Para mim fica nítido que haviam duas justificativas para ser contrário ao projeto: proteger empresas que promovem a desigualdade remuneratória –  ainda mais com o voto contrário orientado pela Bancada do Partido Novo, conhecidamente como um partido de empresários com linha neoliberal. E, em segundo lugar, reafirmar um discurso familista que vincula o veto a qualquer direito da mulher a uma suposta “defesa da família”  com cunho religioso e fundamentalista.

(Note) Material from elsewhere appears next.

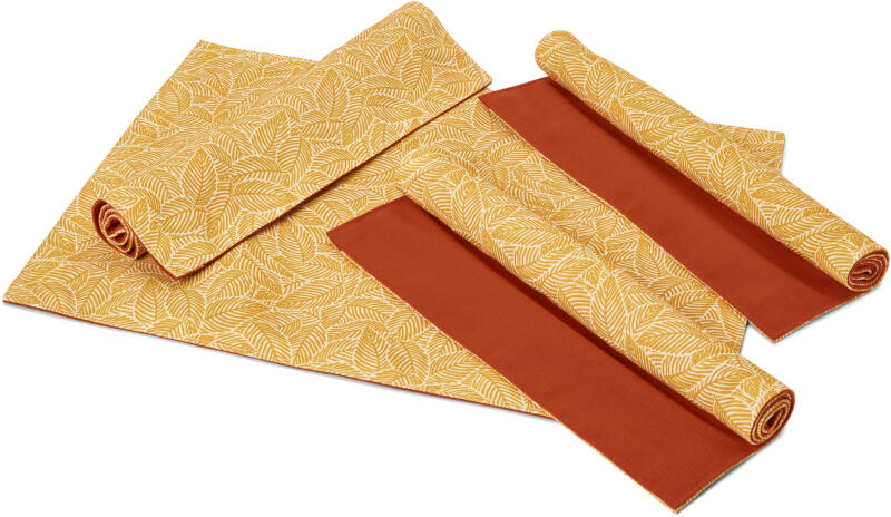 4 kétoldalas tányéralátét Szín: 1 levélmintás sárga oldal, 1 terrakotta oldal Anyag: 100% poliészter Méretek: Egyenként kb. 48 x 33 cm Sokoldalúan használhatók – egy egyszínű oldal és egy nyomott mintás oldalKétrétegű kidolgozásMinden asztalon jól mutatnakKülönösen könnyen tisztíthatókEgyenként kb. 33 x 48 cm

Na lista dos que se colocaram contra a equidade entre os salários, figuram dez mulheres e 26 homens. Com base no levantamento realizado pelo Instituto de Estudos da Religião (ISER), constatei que das 10 mulheres que votaram contrárias ao projeto, apenas Adriana Ventura (Novo-SP) não teve sua religião publicamente identificada. As demais são todas ligadas a partidos de direita com tendências cristãs fundamentalistas. As católicas são: Bia Kicis (PL-DF), Carol de Toni (PL-SC), Rosângela Moro (União-SP), Carla Zambelli (PL-SP), Any Ortiz (Cidadania-RS) e Chris Tonietto (PL-RJ). As evangélicas são Dani Cunha (União-RJ) e Silvia Waiãpi (PL-AP), enquanto Juliana Zanatta (PL-SC) se declara cristã, apenas.

Por essa caracterização, não dá para dissociar esse evidente ataque aos direitos das mulheres do fundamentalismo religioso que tem ocupado o Congresso Nacional. Sobretudo o uso de figuras femininas para ratificar uma lógica patriarcal que endossa o lugar da mulher desejável e com legitimidade moral submissa às figuras masculinas e na contramão dos direitos das mulheres.

Isso deve nos acender um alerta, pois nesta narrativa fundamentalista os direitos das mulheres só devem ser defendidos se estiverem vinculados à família. Com o discurso familista, esses parlamentares estão usando a religião e a família como justificativa para atacar os direitos das mulheres. E mesmo quando utilizam a Bíblia para defender tais absurdos, distorcem seu conteúdo para defenderem o que querem.

Nesse projeto, mesmo o mais fundamentalista dos deputados poderia votar favorável, embasado em uma leitura literal de Números 27. Contudo, escolhem imiscuir os direitos das mulheres com um suposto direito da família – e os direitos da família estariam em primeiro lugar.

Temos que considerar que existem milhares de mulheres que preferem estar em um lugar de submissão, se essa for a condição para que sua família esteja segura. Porque não podemos desconsiderar que há medo, insegurança e muita mentira rodando por igrejas afora. E a multidão de fiéis que veem na religião um porto de segurança e humanização não questionou os votos contrários desses parlamentares, porque enxergam neles pessoas que protegem a religião, a família e a moral. É nesse mundo de mentiras, pânico e extremismos morais que temos que disputar corações e mentes da população brasileira, sobretudo das mulheres.

Desta vez, a razão venceu, e o PL que favorece as mulheres foi aprovado por ampla maioria, mas a próxima proposta passará? Não devemos subestimar um grupo que tem segurança de votar de forma absurda contra esse PL, sem medo de perder base e/ou poder político. Porque eles sabem que manipular a religião no discurso político traz muito poder, principalmente o poder do convencimento das bases. Sigamos na luta, e, desta vez, cumpra-se a lei de Deus e dos Homens.